--- WORK ORDER ---
Transcribe, exactly and without pictures, the lines below from the line with "1 François Xavier" to the line with "My Great Uncle", both ends included, and no others.

--- EXTRACTED MATERIAL ---
----------

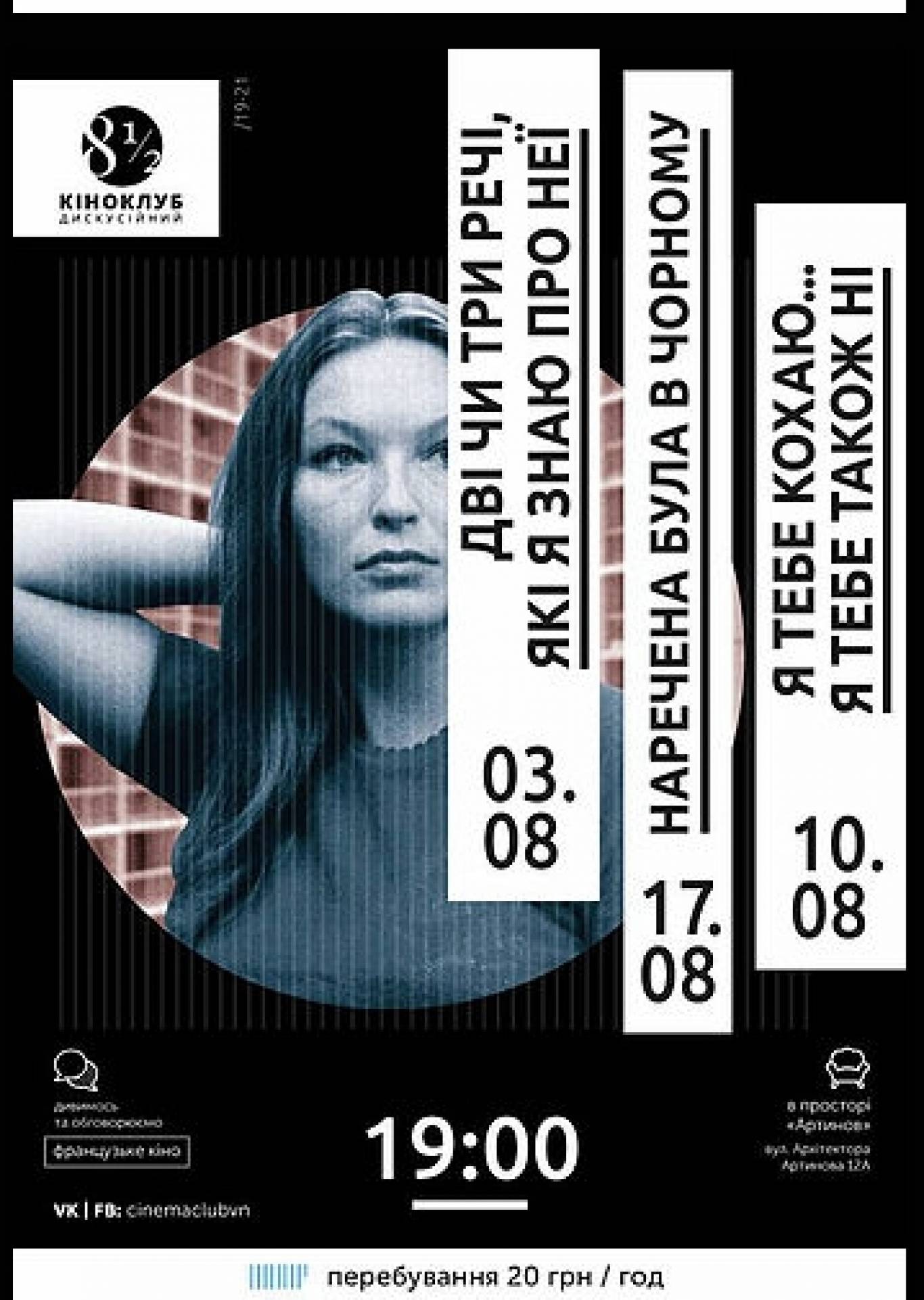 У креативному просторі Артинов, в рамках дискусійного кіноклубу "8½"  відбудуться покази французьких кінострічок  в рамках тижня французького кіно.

----------

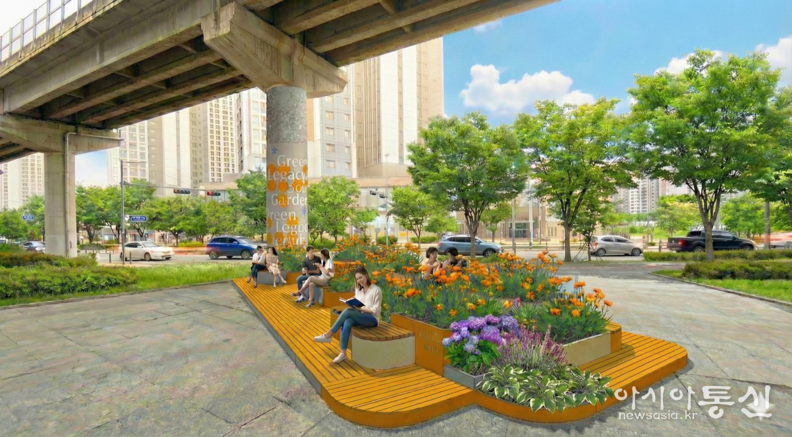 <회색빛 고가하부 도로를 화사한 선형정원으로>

----------

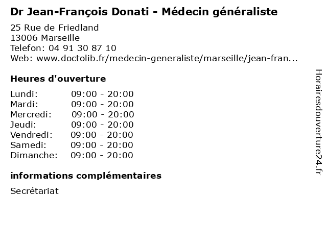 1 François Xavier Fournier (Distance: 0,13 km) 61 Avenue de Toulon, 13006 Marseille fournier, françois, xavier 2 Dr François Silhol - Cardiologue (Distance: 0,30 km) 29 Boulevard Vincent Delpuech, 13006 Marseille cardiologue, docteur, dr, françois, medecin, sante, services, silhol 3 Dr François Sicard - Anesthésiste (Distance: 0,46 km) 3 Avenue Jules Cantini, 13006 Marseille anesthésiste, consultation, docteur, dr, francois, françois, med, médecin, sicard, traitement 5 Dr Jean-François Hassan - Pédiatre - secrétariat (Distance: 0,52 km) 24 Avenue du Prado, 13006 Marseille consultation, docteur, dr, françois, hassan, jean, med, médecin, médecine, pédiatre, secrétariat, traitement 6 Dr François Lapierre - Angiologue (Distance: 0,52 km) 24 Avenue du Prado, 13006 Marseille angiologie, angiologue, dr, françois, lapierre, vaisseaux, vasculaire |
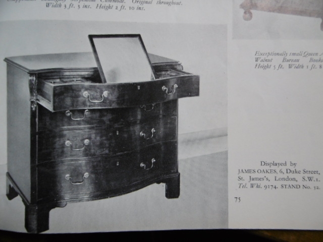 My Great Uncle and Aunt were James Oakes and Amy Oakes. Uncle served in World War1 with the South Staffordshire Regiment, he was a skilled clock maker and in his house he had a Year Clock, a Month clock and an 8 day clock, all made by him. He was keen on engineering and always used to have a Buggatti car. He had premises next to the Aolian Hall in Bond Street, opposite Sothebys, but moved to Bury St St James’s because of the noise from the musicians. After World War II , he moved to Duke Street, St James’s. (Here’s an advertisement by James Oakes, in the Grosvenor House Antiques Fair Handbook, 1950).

----------

--- TASK SOLUTION ---
 1 François Xavier Fournier (Distance: 0,13 km) 61 Avenue de Toulon, 13006 Marseille fournier, françois, xavier 2 Dr François Silhol - Cardiologue (Distance: 0,30 km) 29 Boulevard Vincent Delpuech, 13006 Marseille cardiologue, docteur, dr, françois, medecin, sante, services, silhol 3 Dr François Sicard - Anesthésiste (Distance: 0,46 km) 3 Avenue Jules Cantini, 13006 Marseille anesthésiste, consultation, docteur, dr, francois, françois, med, médecin, sicard, traitement 5 Dr Jean-François Hassan - Pédiatre - secrétariat (Distance: 0,52 km) 24 Avenue du Prado, 13006 Marseille consultation, docteur, dr, françois, hassan, jean, med, médecin, médecine, pédiatre, secrétariat, traitement 6 Dr François Lapierre - Angiologue (Distance: 0,52 km) 24 Avenue du Prado, 13006 Marseille angiologie, angiologue, dr, françois, lapierre, vaisseaux, vasculaire |
 My Great Uncle and Aunt were James Oakes and Amy Oakes. Uncle served in World War1 with the South Staffordshire Regiment, he was a skilled clock maker and in his house he had a Year Clock, a Month clock and an 8 day clock, all made by him. He was keen on engineering and always used to have a Buggatti car. He had premises next to the Aolian Hall in Bond Street, opposite Sothebys, but moved to Bury St St James’s because of the noise from the musicians. After World War II , he moved to Duke Street, St James’s. (Here’s an advertisement by James Oakes, in the Grosvenor House Antiques Fair Handbook, 1950).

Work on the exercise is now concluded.